Hence the dimensionality of the EEG dataset should be reduced greatly and so in this paper, VBMF is employed to reduce the dimension of the data set.  In recent years, a great interest has been triggered within biomedical scientists where new machine learning methods are well investigated [4]. In this paper, we have used three different types of post classifiers such as GMM, GA and NBC for our analysis. The paper is organized as follows. In section II, the materials and methods are discussed followed by the usage of VBMF as a dimensionality reduction technique in section III. In section IV the discussion about the post classifiers is done followed by the results and conclusion in section V. Then the paper is concluded along with suitable references.

 

MATERIALS AND METHODS:

For the performance analysis of the epilepsy risk levels using Independent Component Analysis (ICA), Linear Graph Embedding (LGE) and Fuzzy Mutual Information (FMI) as Dimensionality Reduction technique followed by GMM as Post Classifiers, the raw EEG data of 20 epileptic patients who were under treatment in the Neurology Department of Sri Ramakrishna Hospital, Coimbatore, Tamil Nadu, India in European Data Format (EDF) were taken for detailed examination. A high priority is given to the pre processing stage of the EEG signals as it is vital to use the best technique available in literature to extract all the necessary information embedded in the non-stationary biomedical signals [4]. The EEG records which were obtained were continuous for about 30 seconds and each of them was divided into epochs of two second duration in our experiment. Generally a two second epoch is long enough to avoid any unnecessary redundancy in the signal and it is long enough to detect the occurrence of any significant changes in activity and to detect the presence of artifacts in the signal. The total number of channels is 16 for each and every patient and it is over three different epochs. Considering the frequency as 50 Hz, the sampling frequency is considered to be about 200 Hz. The instantaneous amplitude values of the signal correspond to each and every sample and it totals to around 400 values for each and every epoch. Four different artifacts are present in the data such as chewing artifacts, eye blinks, electromyography (EMG) and motion artifacts and approximately the percentage of data which are artifacts is just 1%. Not a single attempt was made to select certain number of artifacts which are of more specific in nature. In order to differentiate the spike categories of waveforms from non spike categories, artifacts are included. The figure 1 shows the block diagram of the procedure.

 

 

 

Figure 1 Block Diagram of the Procedure

 

Initially the sampling process is applied to the Raw EEG signals. The dimensions of the samples are reduced with the help of Variational Bayesian Matrix Factorization. Then the dimensionally reduced values are given as inputs to the various post classifiers such as GMM, GA and NBC and their performance is compared.

 

Vbmf As A Dimensionality Reduction Technique:

Dimensionality reduction is a basic preprocessing step done to change the dimensions of the data from higher level to a lower level. The dimensionality reduction technique employed here is Variational Bayesian Matrix Factorization Technique [6]. Consider as a low-rank matrix. The matrix is then decomposed into the product of and

Therefore the equation can be written as

If the obtained matrix is denoted as  and if it is prone to the additive noise model, then

where  is a noise matrix

For the Bayesian matrix factorization, the Gaussian priors on the parameters and is used and is represented as follows [6]

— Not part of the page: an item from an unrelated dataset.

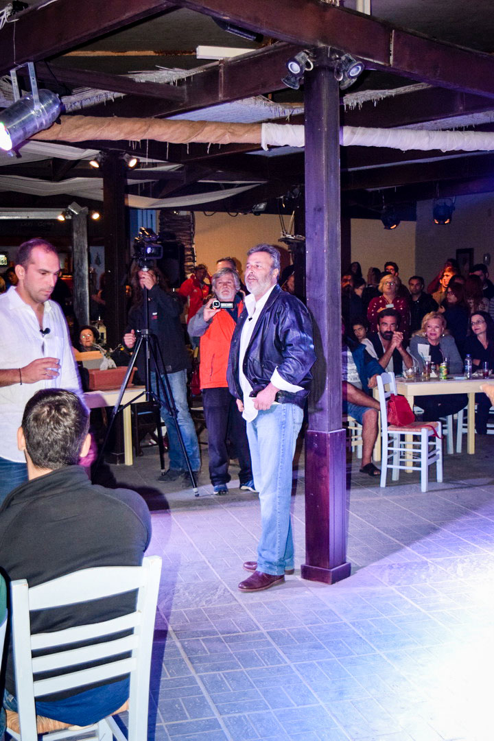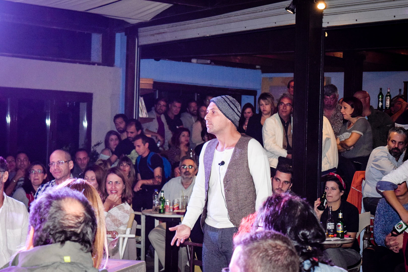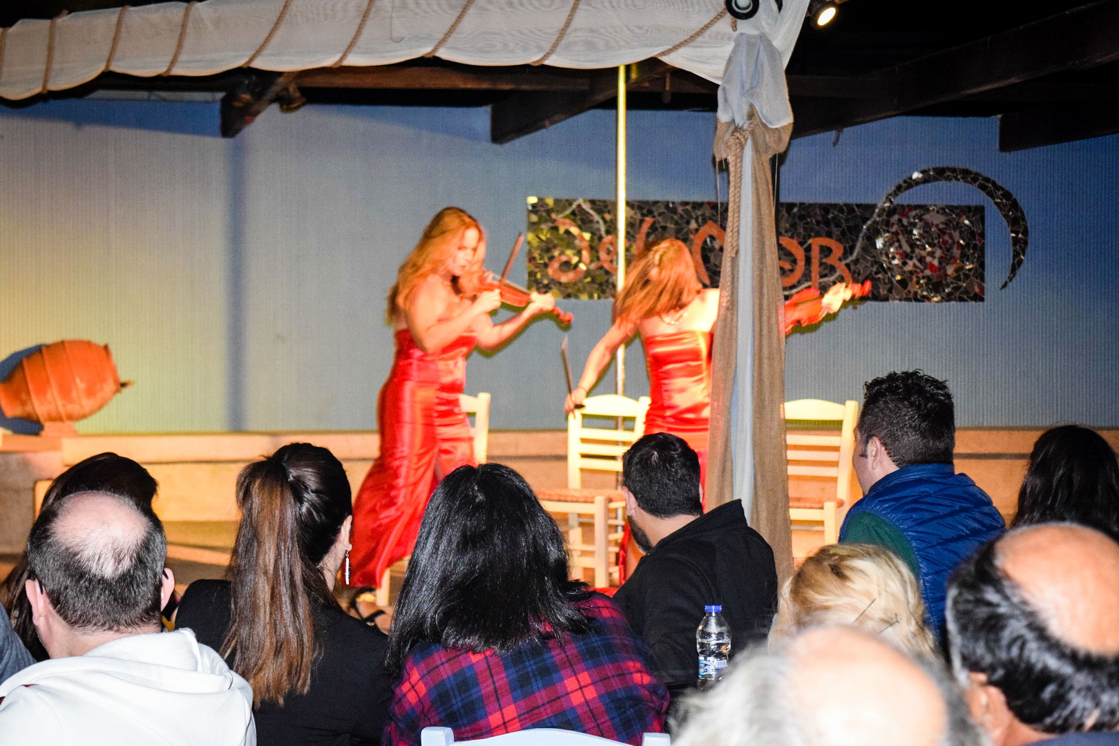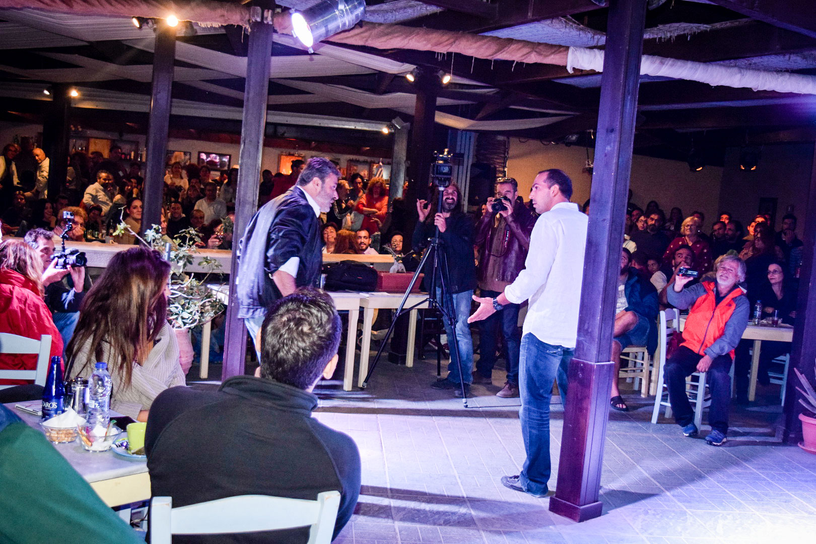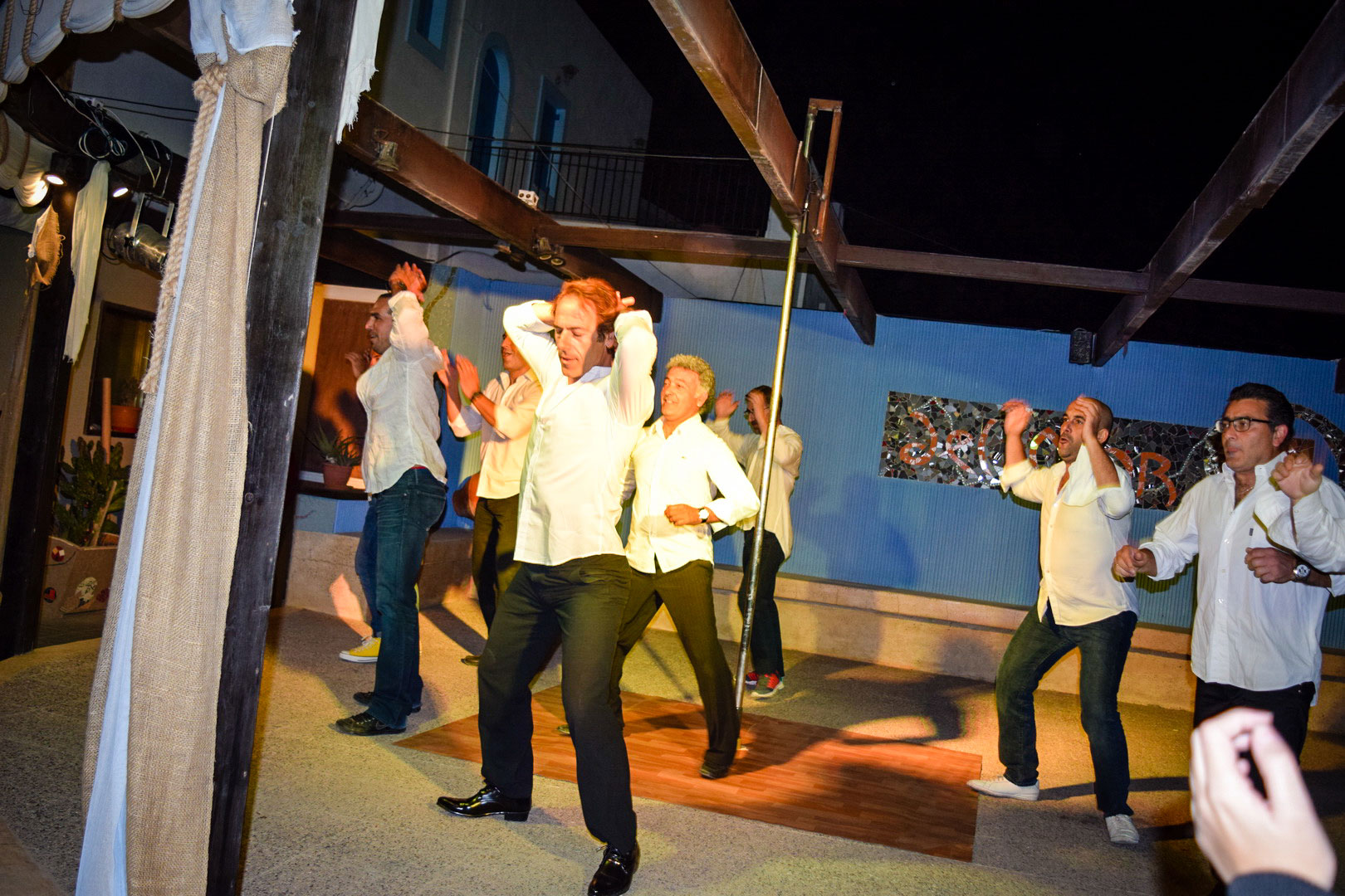 Οι ηθοποιοί της ΘΟΚ παρουσίασαν «Θεατρικά Σφινάκια» – σύντομες σκηνές των Carl Valentin, Γιώργου Σκούρτη, Γιώργου Μανιώτη – καθώς έπιναν το ποτό τους οι θαμώνες και οι επισκέπτες του νησιού.

The Bayes posterior can be written as follows

where denotes the expectation over

For VBMF trial distribution [6] the equation is expressed as follows

 

Post Classifiers Used Here:

The post classifiers used in this paper are Genetic Algorithm, Gaussian Mixture Model and Naïve Bayesian Classifier.

 

Genetic Algorithm:

They are very powerful optimization techniques and it gets its idea from the principle of evolution [5]. To find the near optimal solution, Genetic Algorithms are generally used.  In this paper, GA is used as a post classifier and the simulation parameters are shown in Table 1 as follows:

TABLE 1 SIMULATION PARAMETERS

Parameters

Description

Population Size

320

Maximum Number of Evaluated Individuals

4

Total Number of Generations

512

Type of selection

Roulette-wheel

Type of Crossover

One-point

Replacement Type

Elitist

Generation Gap

0.9

Probability of Crossover

0.5

Probability of Mutation

0.5

 

The Knn algorithm is used initially to compute the Euclidean Distance between the testing data set and the training data set [10]. The nearest point is found out using the following formula

 

Naïve Bayes Classifier:

In the data preprocessing stage of the NBC, attribute grouping has to be done. Each column of the measurements of this gene expression is divided into a number of groups [9]. Then in a random manner the number of groups can be easily chosen. The grouping is done in the 3 phases as follows:

Initially, the maximum () and maximum values (in each column of the EEG data set is found out[9].  Secondly, the number of groups in every column is decided and then is calculated.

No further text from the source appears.